Puck on Film

by Allen W. Wright

William Shakespeare's
A Midsummer Night's Dream (1999)

Directed by  Michael Hoffman
Regency Enterprises / Fox Searchlight

Poster for the 1999 A Midsummer Night's Dream

A Hollywood Dream

The 1990s were a good decade for Shakespeare on screen. Kenneth Branagh earned critical acclaim with his 1989 adaptation of Henry V and followed that up with well-regarded versions of Much Ado About Nothing (1993) and Hamlet (1996). If not as critically acclaimed as Branagh’s melancholy Dane, action film star Mel Gibson’s 1990 turn as Hamlet also did well at the box office. And Baz Luhrmann’s modern take on Romeo + Juliet (1996) with star Leonardo DiCaprio made over 10 times its budget. No wonder that William Shakespeare’s name appeared so prominently in the title, that guy was good for business.
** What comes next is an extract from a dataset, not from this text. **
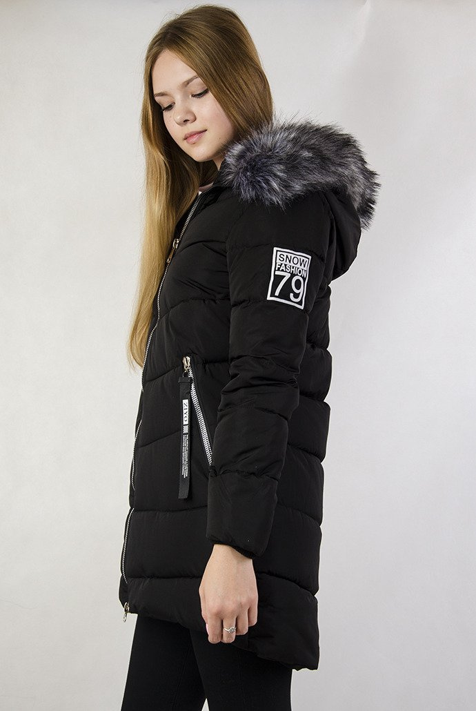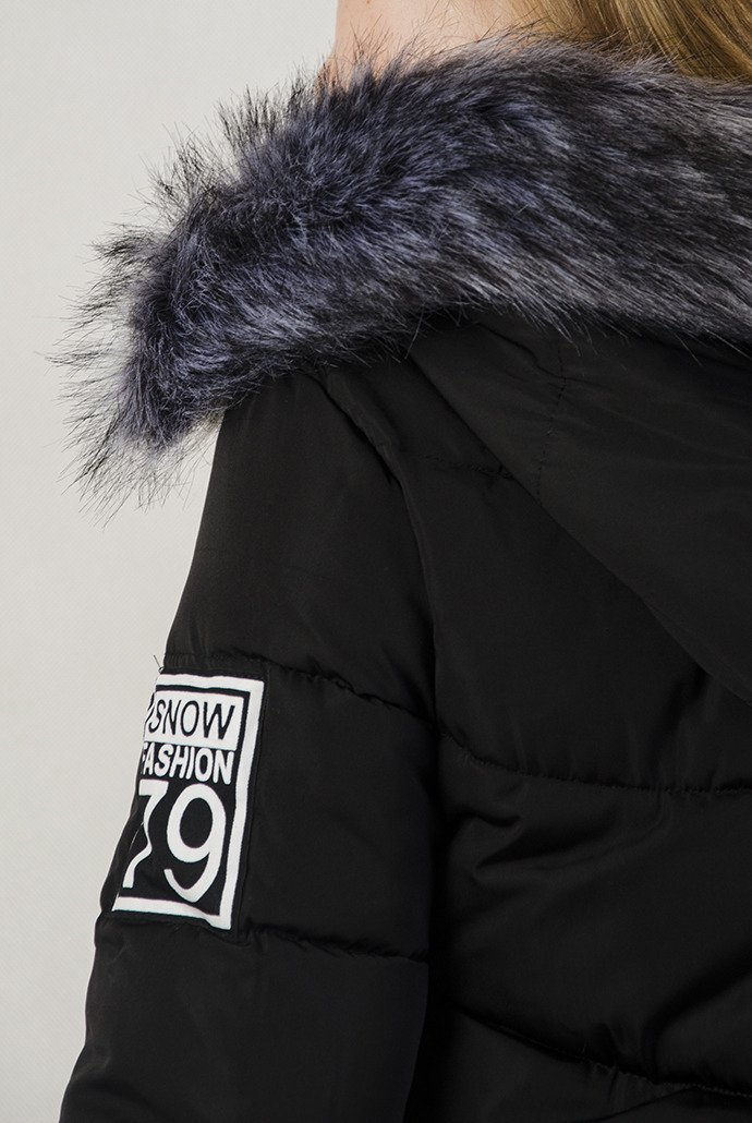 Czarna, pikowana, przedłużana kurtka z naszywkami.

Like its 1935 predecessor, this version of A Midsummer Night’s Dream features a galaxy of bankable box office stars. But the 1935 Dream and many of the subsequent film adaptations had started life as a stage production. This Dream was a creature of the movies alone. 
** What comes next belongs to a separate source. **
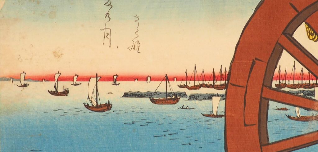 HIROSHIGE (1797-1858) Estampes oban tate-e de la série des « Cent vues célèbres de Edo », Meisho Edo Hyakkei. Editeur : Uoya Eikichi, vers 1856-1858 Ushimachi dans le district de Takanawa (Salissures, marges légèrement rognées, angles inférieurs fragilisés, petit accident à une bordure)

Title card of the 1999 Dream

Moving the tale

TThe original play takes place in Athens, although admittedly an Athens that seems a lot more like Renaissance England. If previous film adaptations had quietly shifted the action to any recognizable point in history, it was usually an England of a few centuries ago. But Hoffman’s film establishes right from the opening title cards that story has shifted to a more specific (if partially ficitional) and relatively more modern location

The village of Monte Athena in Italy at the turn of the 19th century. Necklines are high. Parents are rigid. Marriage is seldom a matter of love.

The good news: The bustle is in decline, allowing for the meteoric rise of that newfangled creation, the bicycle. 

The estate in the 1999 Dream

Judging by the costumes and the type of bicycle on display, it would appear to be the bicycle craze in the last decade or so of the 19th century and the beginning of the 20th century. A period that would more typically be called “turn of the 20th century”.

Film audiences of the late 1990s immediately recognized this as the setting of the E. M. Forrester novel A Room with a View, or more specifically the popular 1985 film adaptation directed by James Ivory. The lengthy credits plays over Felix Mendelssohn’s classical music and shows the wedding preparations at the estate. We see the busy servants, cooks, cleaners and petty thieves. If it’s not quite our world, it is still most assuredly the “real world”, one that we feel exists.  

Bottom at a cafe

After the conflict over who Hermia should marry unfolds, we shift to the town. As 19th Italian opera music plays, we see crowds milling about, looking at the notice announcing a small prize to those who perform at grand duke Theseus’s wedding. Cyclists weave between street vendors, the mechanicals, and then we find Nick Bottom himself relaxing at an outdoor café.

The crowd scenes are beyond anything the lower-budget English productions could afford. This is no set or a sparse theatre company moving around an estate. Once again, our brain registers this as reality – or at least reality as brought to us by Italy’s famed Cinecitta Studios.

But what happens when the action shifts from the familiar to the magical?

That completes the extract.